Write a description of your information need that can be used to judge whether any given Web search result is relevant or not.  (See the examples of TREC description and narrative sections on slides 14 and 15 of the presentation on evaluation of retrieval systems (pdf).)  Once you have your information need described, write one query that you will use on both search engines to capture the information need.   The query should have the following properties:
Before proceeding to Part B, submit your description of information need and your query to Professor LaPaugh by email for approval.  This is primarily to make sure no two people have the same information need or query.

Part B:
Run your query on on each of Google and Yahoo.   Consider only the regular search results, not sponsored links.  Also, ignore the clustering by site in Google; count each result returned.   If you are having trouble with several results in languages other than English, you can go to the advanced search and choose English only, but then do this for both of the search engines. (In my trials, I did not get foreign-language results with a regular search, so this may not be an issue.)   Record the first 30 results returned.

Pooling:  To get a pool for hand assessment, take the the first 20 results from each search engine.  Remove duplicates, and visit each result to decide relevance.  Score each result as relevant or irrelevant.
Record the size of the pool (number of unique results produced by the combined results 1 - 20 of each search engine).  Also record the number of relevant results in the pool.

Scoring:  After constructing the pool, go back and score each of the first 30 results returned by each search engine based on your scoring of the pool.  If a result does not appear in the pool,  it receives a score of irrelevant.   If a document appears twice under different URLs in the list for one search engine, count it only for it's better ranking for that search engine and delete any additional appearances within the same list. In this case there will be less than 30 distinct documents returned by the search engine.  Do not go back to the search engine to get more documents.  Keep only what was returned in the first 30, with their original ranks.  For each search engine, calculate the following measures
  1. Precision at rank 5
  2. Precision at rank 10
  3. Precision at rank 20
  4. The average over the precisions at each point that a relevant docment appears in the first 20 (yes 20, not 30).  See slide 11 of the presentation on evaluation of retrieval systems (pdf).  (I will be computing the mean average precision over all your query results.)
  5. If all the relevant docments in the pool appear in the first 30 returned results, record the rank at which the last relevant result appears.  This is the point of 100% recall of the relevant documents in the pool.  If some relevant documents are missing in the first 30 returned results,  note this and record the recall of the relevant documents in the pool within these 30 results.
The first 4 measures are ways of capturing the quality of the first 20 results, which is about as far as most people look.   The fifth measure gives credit to one search engine for finding relevant documents returned earlier by the other search engine. 

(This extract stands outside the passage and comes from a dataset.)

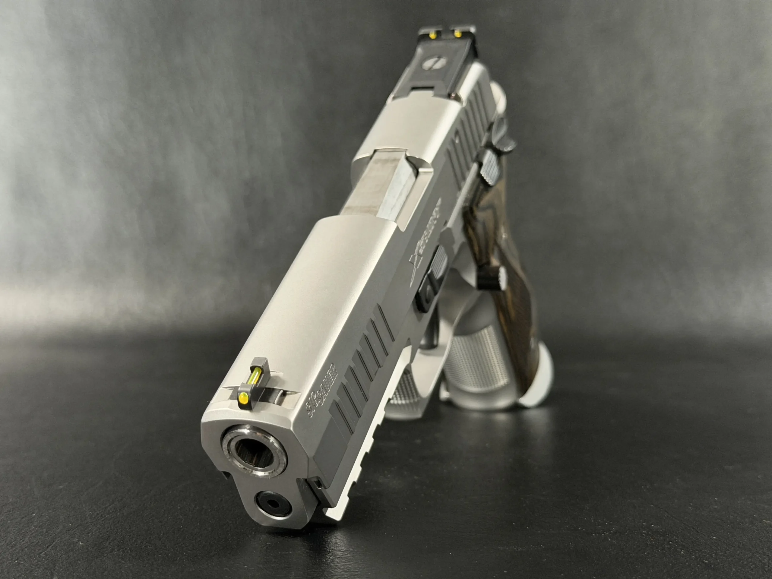 Its stainless steel slide and frame are finished in a matte satin treatment, giving the pistol a clean, understated look. The metalwork is complemented by contoured wood grips that add visual contrast and a traditional touch to the X-Short’s competition-influenced profile.

What to hand in for Part B:  Email to me and Joe the query used, the pool size and number of relevant result in the pool and for each search engine, the 5 scores described above.  We will be averaging these results across the class, so please report each number on a separate line, clearly labeled as to what it is.

Part C: 
What observations do you make about usability issues  (user friendliness) of each search engine - separate from the quality of results you have been assessing in Part B?